Work required
Transcribe exactly everything in the data below from the line containing "Koszulka jest idealna" down to the line containing "背面双方都搭载了白色的金属的", both lines included and nothing further.

Given records
----
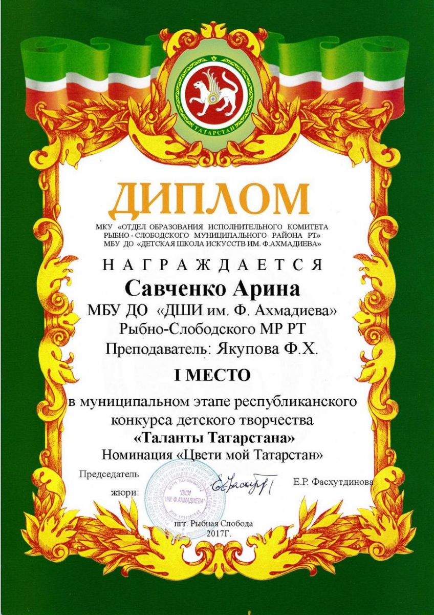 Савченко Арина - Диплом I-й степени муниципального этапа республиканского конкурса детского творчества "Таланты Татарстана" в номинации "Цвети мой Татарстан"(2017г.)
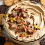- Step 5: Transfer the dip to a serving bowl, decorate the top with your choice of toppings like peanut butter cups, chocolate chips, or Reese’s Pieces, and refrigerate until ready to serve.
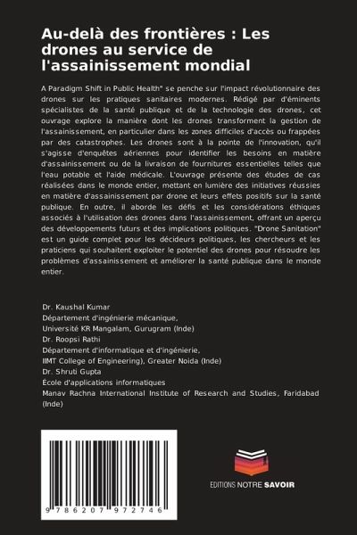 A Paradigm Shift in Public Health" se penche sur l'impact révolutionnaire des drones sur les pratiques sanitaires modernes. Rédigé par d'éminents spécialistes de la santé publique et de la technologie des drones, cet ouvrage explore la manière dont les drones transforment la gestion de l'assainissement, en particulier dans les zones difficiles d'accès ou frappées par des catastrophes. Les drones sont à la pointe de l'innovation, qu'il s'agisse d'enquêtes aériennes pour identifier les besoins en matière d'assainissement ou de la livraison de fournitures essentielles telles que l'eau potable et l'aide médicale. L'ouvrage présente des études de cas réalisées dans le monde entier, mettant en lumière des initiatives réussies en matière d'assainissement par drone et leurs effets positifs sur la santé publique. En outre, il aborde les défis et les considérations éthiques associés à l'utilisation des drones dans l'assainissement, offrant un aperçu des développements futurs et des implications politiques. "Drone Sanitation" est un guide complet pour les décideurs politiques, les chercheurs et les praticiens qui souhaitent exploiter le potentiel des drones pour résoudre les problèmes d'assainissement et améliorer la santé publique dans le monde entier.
----
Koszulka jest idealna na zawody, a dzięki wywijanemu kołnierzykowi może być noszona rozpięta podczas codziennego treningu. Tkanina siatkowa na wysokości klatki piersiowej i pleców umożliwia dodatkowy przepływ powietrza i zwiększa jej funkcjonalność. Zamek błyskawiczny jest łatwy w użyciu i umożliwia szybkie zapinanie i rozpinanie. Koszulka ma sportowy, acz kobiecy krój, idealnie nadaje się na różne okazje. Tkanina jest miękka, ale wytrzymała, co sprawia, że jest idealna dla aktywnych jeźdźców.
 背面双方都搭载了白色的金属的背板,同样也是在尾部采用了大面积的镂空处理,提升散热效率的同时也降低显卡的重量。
----
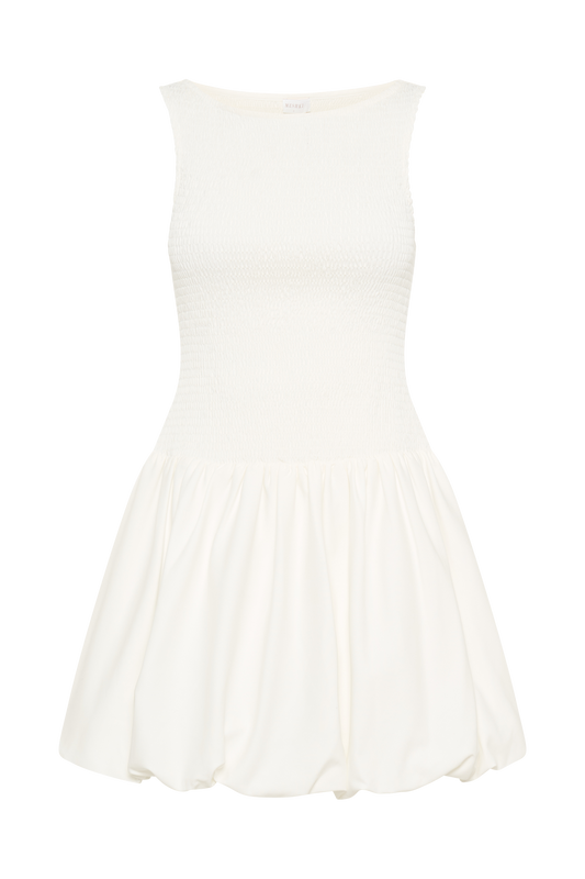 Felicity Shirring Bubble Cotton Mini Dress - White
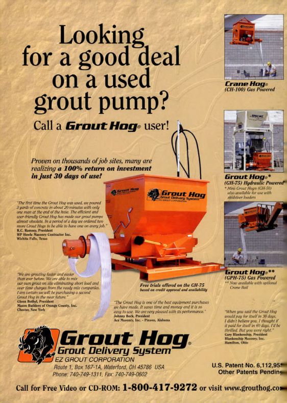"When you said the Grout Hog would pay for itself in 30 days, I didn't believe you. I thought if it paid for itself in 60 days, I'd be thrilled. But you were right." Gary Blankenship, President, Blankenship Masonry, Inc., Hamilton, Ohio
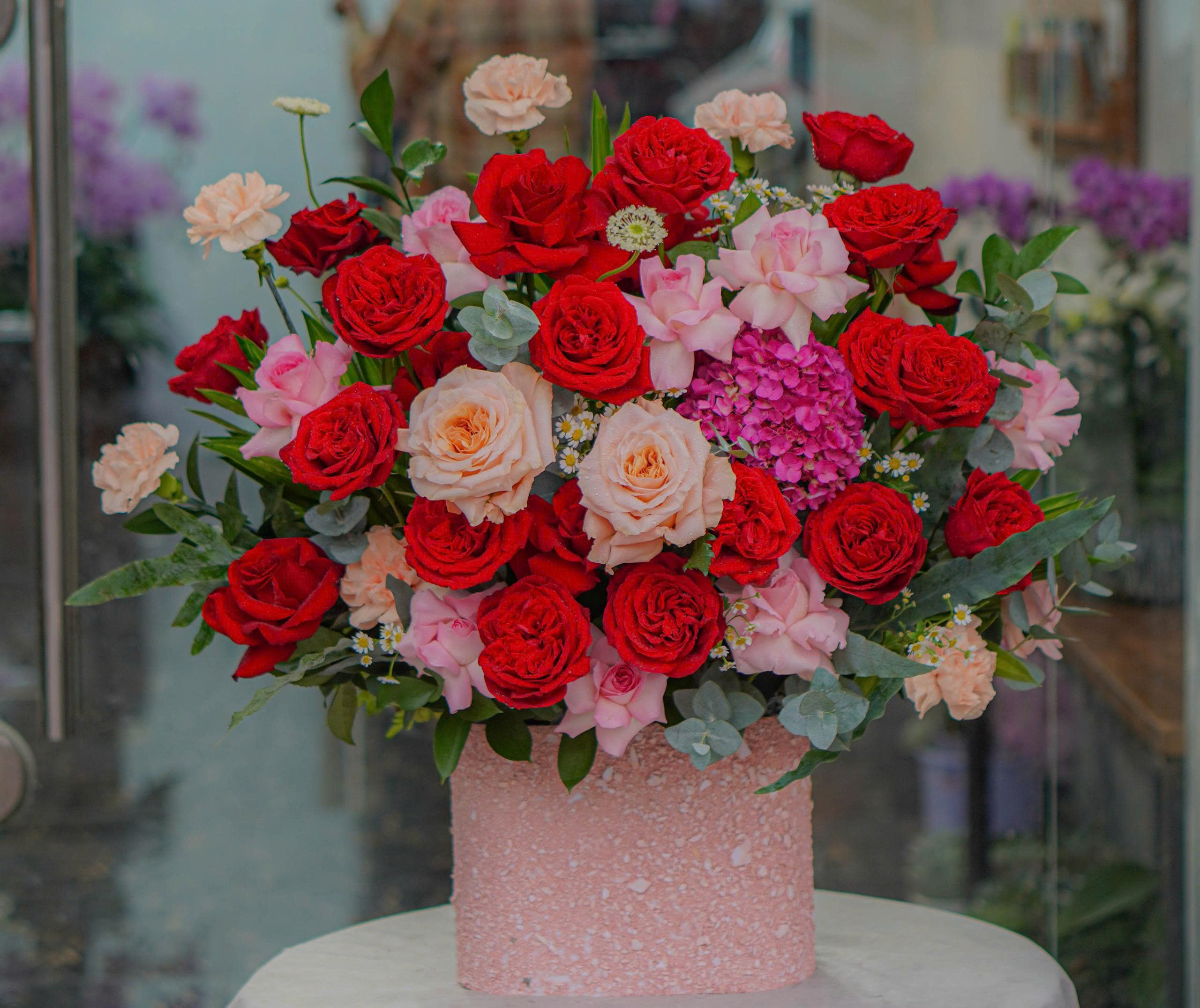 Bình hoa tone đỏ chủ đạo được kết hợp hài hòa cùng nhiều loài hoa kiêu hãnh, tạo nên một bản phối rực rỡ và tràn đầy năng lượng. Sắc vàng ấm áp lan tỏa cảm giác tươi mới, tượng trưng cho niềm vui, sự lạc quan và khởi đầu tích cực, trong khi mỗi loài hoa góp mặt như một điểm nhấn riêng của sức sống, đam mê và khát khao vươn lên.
----
Response area
Koszulka jest idealna na zawody, a dzięki wywijanemu kołnierzykowi może być noszona rozpięta podczas codziennego treningu. Tkanina siatkowa na wysokości klatki piersiowej i pleców umożliwia dodatkowy przepływ powietrza i zwiększa jej funkcjonalność. Zamek błyskawiczny jest łatwy w użyciu i umożliwia szybkie zapinanie i rozpinanie. Koszulka ma sportowy, acz kobiecy krój, idealnie nadaje się na różne okazje. Tkanina jest miękka, ale wytrzymała, co sprawia, że jest idealna dla aktywnych jeźdźców.
 背面双方都搭载了白色的金属的背板,同样也是在尾部采用了大面积的镂空处理,提升散热效率的同时也降低显卡的重量。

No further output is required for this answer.